**Records shown**:
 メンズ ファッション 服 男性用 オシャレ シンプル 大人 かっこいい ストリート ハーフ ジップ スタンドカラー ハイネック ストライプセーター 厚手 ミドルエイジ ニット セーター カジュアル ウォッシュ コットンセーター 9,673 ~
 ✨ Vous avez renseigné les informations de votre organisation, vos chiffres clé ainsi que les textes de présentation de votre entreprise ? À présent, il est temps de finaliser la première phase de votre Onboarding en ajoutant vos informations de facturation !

* * *

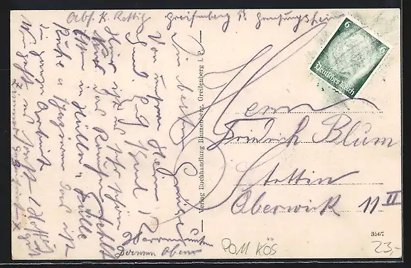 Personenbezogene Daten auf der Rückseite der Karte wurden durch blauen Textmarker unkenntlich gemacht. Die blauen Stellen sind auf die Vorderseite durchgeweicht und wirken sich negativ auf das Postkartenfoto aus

**Task item**: Go to the line in the material above that contains "メンズ ファッション 服" and copy exactly from there through the line that contains "de facturation !", stopping after it.

**Finished exercise**:
 メンズ ファッション 服 男性用 オシャレ シンプル 大人 かっこいい ストリート ハーフ ジップ スタンドカラー ハイネック ストライプセーター 厚手 ミドルエイジ ニット セーター カジュアル ウォッシュ コットンセーター 9,673 ~
 ✨ Vous avez renseigné les informations de votre organisation, vos chiffres clé ainsi que les textes de présentation de votre entreprise ? À présent, il est temps de finaliser la première phase de votre Onboarding en ajoutant vos informations de facturation !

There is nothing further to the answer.